[Task statement]
Carry none of the pictures over; write out the complete data exactly.

[Recorded data]
━━━━━━━━━━
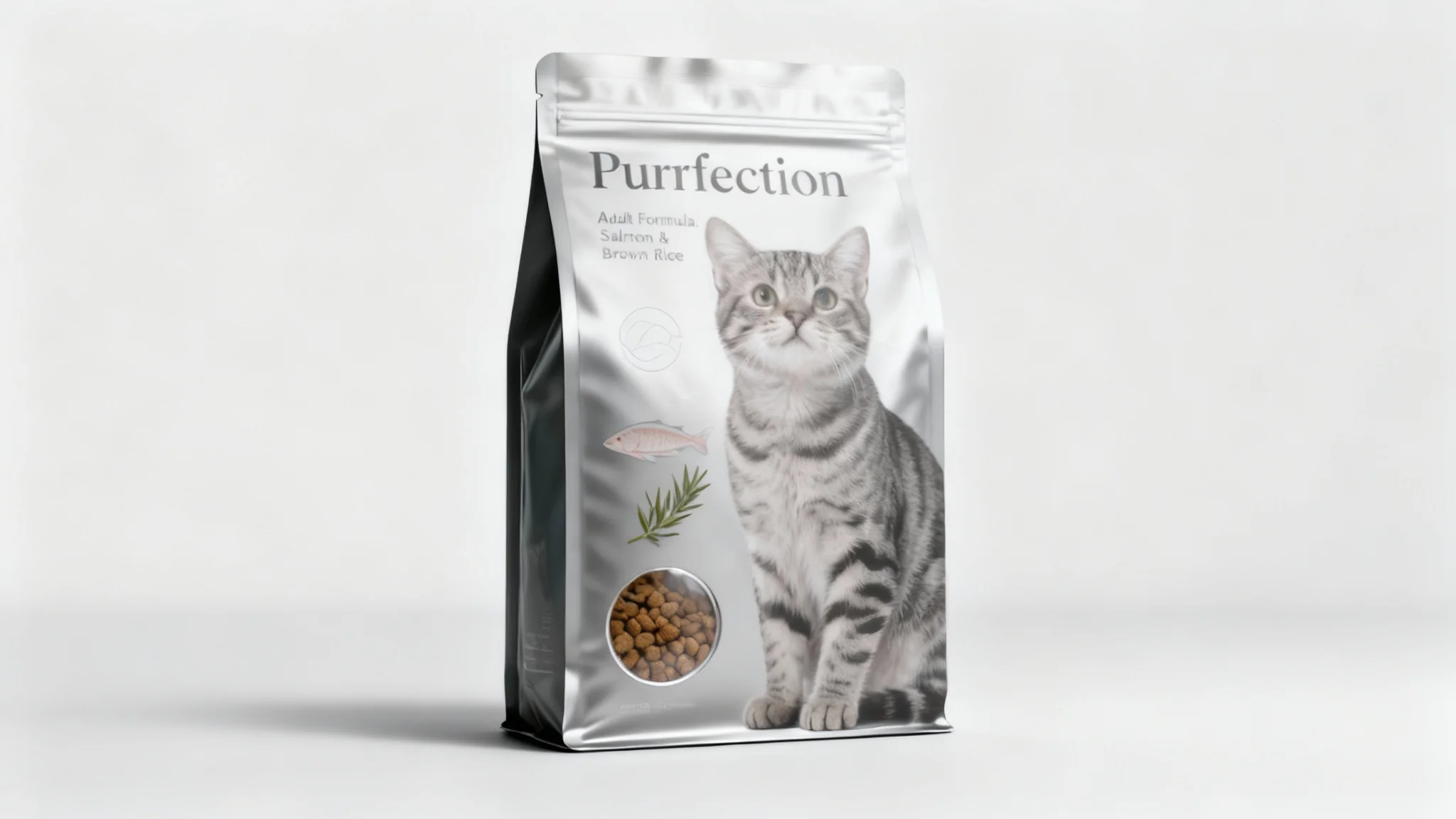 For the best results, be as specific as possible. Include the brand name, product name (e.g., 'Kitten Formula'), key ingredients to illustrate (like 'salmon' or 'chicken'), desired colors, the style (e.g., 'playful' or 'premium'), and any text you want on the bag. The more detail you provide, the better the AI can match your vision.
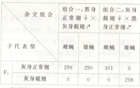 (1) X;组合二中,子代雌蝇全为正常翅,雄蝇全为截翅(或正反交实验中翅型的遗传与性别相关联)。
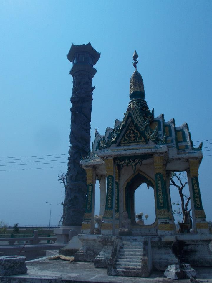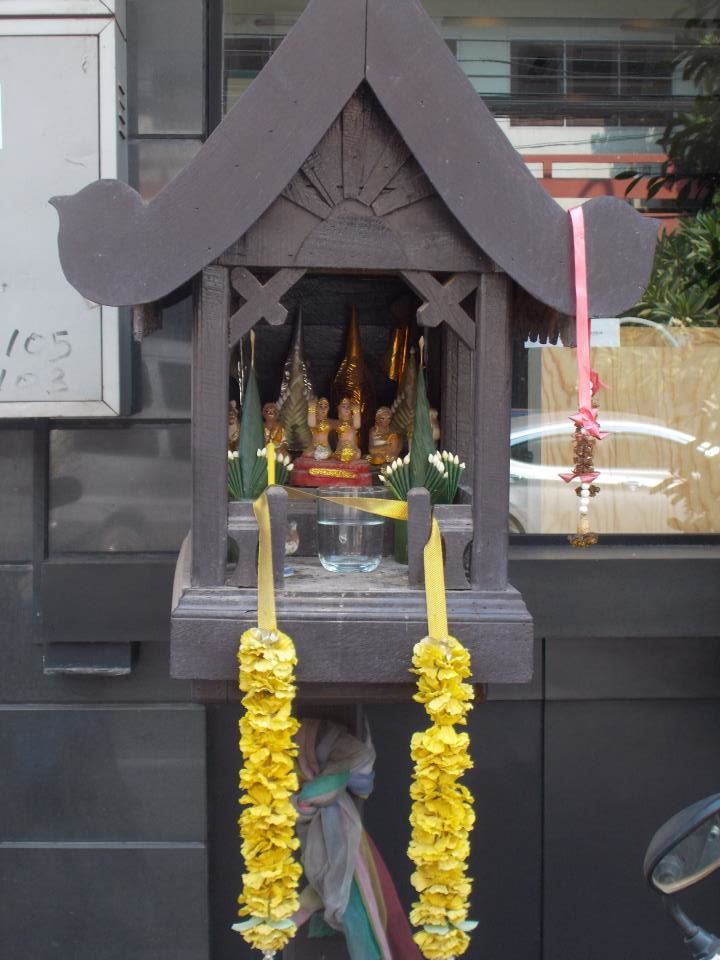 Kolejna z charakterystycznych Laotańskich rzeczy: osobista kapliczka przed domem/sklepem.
━━━━━━━━━━
[Solution below]
 For the best results, be as specific as possible. Include the brand name, product name (e.g., 'Kitten Formula'), key ingredients to illustrate (like 'salmon' or 'chicken'), desired colors, the style (e.g., 'playful' or 'premium'), and any text you want on the bag. The more detail you provide, the better the AI can match your vision.
 (1) X;组合二中,子代雌蝇全为正常翅,雄蝇全为截翅(或正反交实验中翅型的遗传与性别相关联)。
 Kolejna z charakterystycznych Laotańskich rzeczy: osobista kapliczka przed domem/sklepem.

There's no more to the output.